Materials and Methods

Collection and identification of plant material

Whole plant of Hypericum Japonicum was collected from Tirumala hills, Tirupathi, Andhra Pradesh. The plant was confirmed and acknowledged by Prof. K. Madhava Chetty, Plant Taxonomist, Professor, Department of Botany, SV University, Tirupathi, and Andhra Pradesh, India [5]. Hypericum Japonicum was thoroughly washed and cleaned with water, air dry under room temperature and grounded into powdered using home appliance. It was preserved for pharmacognostical and pharmacological study.

Preparation of extracts

By using home appliances the shade dried Hypericum Japonicum was powdered. Soxhlet apparatus was used for extraction of coarse powder (1000 gm) with methanol. The final extract was filtered. In rotating evaporator the extract was concentrated by vaporization of solvent and maintained in refrigerator [6].

Phytochemical analysis

For the existence of saponins, alkaloids, terpenoids, glycosides, flavonoids, tannins, carbohydrates, proteins, amino acids and fixed oils phytochemical analysis of extracts were carried out by different methods [7].

Experimental animals

From livestock building of Vallabhaneni Venkatadri Institute of Pharmaceutical Sciences, Gudlavalleru albino wistar rats (180-200 gm) are obtained.

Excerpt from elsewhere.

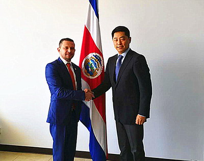 2018年7月12日,驻哥斯达黎加大使汤恒会见哥科技与电信部长萨拉萨尔。
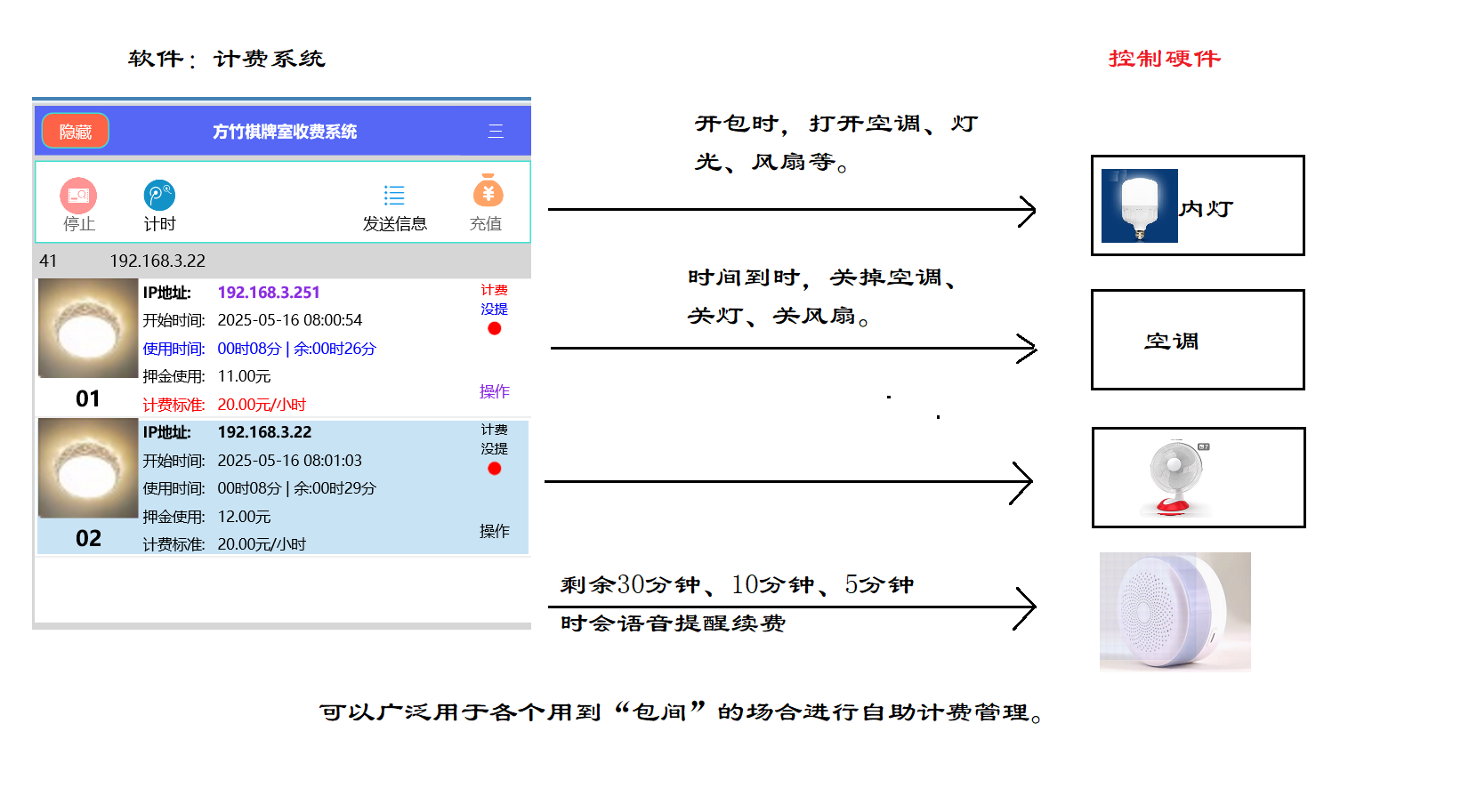 本系统分软件控制系统及硬件两部分。软件下载有需要的,请联系QQ:2607490或微信号:jingzu2008,申请时,在备注中请加上“软件咨询”字样。本软件功能:计费系统可以控制灯光、空调、风扇等。1:可以自助使用微信扫码自助开包间和充值。2:当还剩余30分钟、10分钟、5分钟时会用语音提醒充值。3:时间到后提醒并关掉灯光、空调、风扇等等电器。从而完全自动化管理。广泛应用于棋牌室、茶室、自习室、麻将馆、台球室、舞蹈室、乒乓球馆、网球馆、瑜伽馆、健身房、练琴房、沐浴房、睡眠舱、民宿酒店等场景。 软件:到官网论坛下载软件并安装。 软件费200元。1:软件分Android平版或手机程序及电脑版,直接下载安装好。只能安装一种,不能同时安装,否则会引起控制冲突。2:初次运行,设置一下默认押金,计费标准。3:然后点添加设备->界面出来后,点“寻找设备”,显示设备后,一个一个加入设备,并编号即可。 本系统分软件控制系统及硬件两部分。硬件:硬件有1:只控制灯光设备,功能单一,投资少。 每个点 需要100元。2:有同时控制灯光、空调、风扇等设备。还有语音功能,功能多,价格比第一种贵。 每个点要260元。3:只有语音功能,每个点100元。主要和第一个配合。 本系统分软件控制系统及硬件两部分。硬件配网连接WIFI:首先确保所有设备及计费系统在同一个路由器及网段,这样才能稳定的连接。通用配网方法:有按键的设备长按设备上面配网按键5-9秒放开让设备进入配网状态,如果没有按键的设备,找到设备板子上面的配网接口“IO12口+GND口”,用镊子或者导线短接这两个口5-9秒,让板子进入配网状态,注意:进入配网状态只能5-9秒,时间不能长也不能短。 一般设备上面蓝灯会有以下几种状态显示: 开关配网键为第一个开关。1. 设置未连接成功WiFi的时候一般设备上面的蓝灯会1秒闪烁一次2. 设备进入配网状态之后上面蓝灯是卡死状态,不会闪烁3. 设备配网成功之后设备上面蓝灯会长亮(6-8路设备可能是其它状态)配网方法也可以参考这个视频教程:教程地址。设备进入配网状态之后会发出一个“ESP”开头的热点信号,之后用手机WiFi(或者笔记本WiFi)连接这个热点信号,连接热点成功之后就会自动跳转到配网页面,根据页面提示操作配网即可,配网页面参考下图:点 配置WIFI-》选择一个WIFI连接,然后输入正确的密码就可以连接上了。然后,下载安装qibanfei.apk(可以在下载页扫描二维码下载安装),安装后,进行如下设置:手要安装好后,安卓和WINDOWS不同,在黑屏下退不计费,甚至被杀掉,所以需要一些设置:1:在手机上点这个程序图标几秒种,会显示菜单->点应用程序详情,然后点通知管理,允许通知打钩。2:返回,在“耗电管理”中->“完全允许后台行为”和“允许自动启动”打钩。这样,我们计费在黑屏下也能正常计费,且不会被杀掉。设置好后,就可运行我们的计费APP,点菜单-》添加设备-》点按钮“寻找设备”当显示设备后,就可以添加了。看下图注意:编号必需是01、02、03。。。。。。。99,为什么这样编号,因为等下我们用微信或支付宝扫码支付需要的对应支付二维码。这样加好后,就可以使用了。下面取微信收款码方法:收款码和包时的钱数一样,如包间是每个小时50元,则收款码就取50元的微信收款二维码。然后关键这里:01号的收款码是50.01元,02号的收款码为50.02,依次类推,。。。。。最后30号的收款码是50.30元。收款码取法请看这里:http://bbs.fangzu.com/read-120-1.html收款码取好后,用彩色打印机打印出来放在对应的号码上就可以了。这样,顾客来后,直接收码开包间,也可以直接收码充值。支付成功,都有语音提示。

Animals are fasted for a period of 12 hrs before and after treatment water was ad libitum.

Acute toxicity studies

As per OECD guidelines 423, acute toxic studies are performed on MEHJ taking albino mice of body weight 20-25 gm as experimental animals. Adult mice which are healthy are divided into groups and each group contained 5 mice. Each group received MEHJ at different doses of 5, 50, 200 and 300 mg/kg body weight orally. For mortality and physical/ behavioural changes animals were observed for over 14 days [8].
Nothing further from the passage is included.